Accretion-driven outbursts in young stellar objects remain poorly understood, largely limited by a statistically small sample of closely followed-up events. This underscores the importance of a thorough exploration of each outbursting object. We studied a peculiar outbursting system, Gaia24ccy, which exhibited two $Δg \sim$ 3.8 mag outbursts in 2019 and 2024. The system consists of two unresolved, nearly identical, and rapidly rotating young stars: Gaia24ccy A (1.1419 days) and Gaia24ccy B (1.7898 days). Periodogram analyses just before the onset of the outbursts suggest Gaia24ccy B to be the outbursting component. Unlike any previously known EXor sources, the two outburst profiles show a very similar evolution: both rose at the same rate for the first 15 days, followed by many 'sub-bursts' on the timescale of 10-20 days. The 2019 outburst lasted 145-255 days, while the 2024 outburst persisted for 367 days. We infer the unstable region to lie at $r_{\rm trigger} \simeq 0.019-0.047$ au ($\sim5-12.3 R_\star$). The accreted mass per event $M_{\rm acc}\sim10^{-5} M_\odot$ can be provided by a compact inner-disk reservoir. The photometric rise/decay timescales and the mid-infrared color evolution favor a thermal-viscous trigger in a hot inner disk, while the appearance of rich emission-line spectra indicates concurrent magnetospheric compression - together best described by a hybrid picture. Finally, we explain the reddening of the mid-infrared color observed during the outburst as a consequence of the competing emission from the viscous disk and the photosphere.

Figures (12)

• Figure 1: Upper panel: Multiband light curves of Gaia24ccy, shown with magnitude offsets applied for clarity of multiwavelength evolution. Offsets are: ATLAS $o$ (+4.5), ATLAS $c$ (+4), ASAS-SN $V$ (+0.5), ZTF $zr$ (-1.5), ZTF $zg$ (-3.5), AAVSO $B$ (-4), TMMT $U$ (+2.5), TRT-CTIO $U$ (+2.5), TRT-SBO $B$ (-4). The durations of the 2019 and 2024 outbursts are labeled and shaded with a light orange color. Other band light curves of AAVSO, TMMT, TRT-CTIO, and TRT-SBO are not shown for the clarity of presentation. Lower panel: The evolution of 2019 and 2024 outbursts is shown with ASAS-SN $g$ light curves. The start dates for the 2019 and 2024 outbursts are JD = 2458620, and 2460485, respectively. Grey vertical lines at the bottom mark the epochs of HFOSC observations during the 2024 outburst. The photometry from this work, TMMT, LCOGT, and TRT, is available in machine readable format as the data behind the figure.

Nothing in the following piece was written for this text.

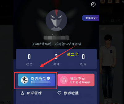 2、在个人页面,可以看到我的角色并且进行点击;

• Figure 2: The $K$-band AO image of Gaia24ccy with Near-infrared Camera, Generation II (NIRC2) onboard Keck. The image is reproduced with permission from the authors 2019ApJ...878...45B. The two objects with rotation periods of 1.1419 and 1.7898 days are named Gaia24ccy A and Gaia24ccy B, respectively. Without spatially resolved rotation data, the A/B identification of the upper versus lower component remains undetermined.
• Figure 3: The flux-calibrated optical HFOSC spectra of Gaia24ccy are shown. A few prominent spectral lines are marked for reference.
• Figure 4: The accretion rate profiles during the two outbursts of Gaia24ccy B. Grey diamonds cover the 2019 outburst, while green circles cover the 2024 outburst. The 2019 accretion profile is estimated from the ASAS-SN $g$ light curve, while the 2024 profile is estimated from ASAS-SN $g$, TMMT $U$, LCOGT $u$, and AAVSO $B$ light curves. The two halves of the 2024 outburst, before 118 days and after 205 days, are connected with linear interpolation shown in green dots. Grey and green shaded strips highlight a time interval, and the respective texts are the total mass accreted in that time interval. The colored squares and pentagons represent mass-accretion rates estimated from HFOSC spectral lines. The wavelengths of CaII-IRT-I/II/III are 8498, 8542, and 8662 Å, respectively.
• Figure 5: The linear relations between the $F_{U-excess}$ and $F_{B-excess}, F_{g-excess}$ during the peak of the outburst are shown in dark red and green lines with 1-sigma error in light shades (Equation \ref{['equ:Uexcess_gBexcess']}). $F_{i-excess}$ and intercepts are in units of $10^{-13}\ \mathrm{erg\,s^{-1}\,cm^{-2}}$Å$^{-1}$.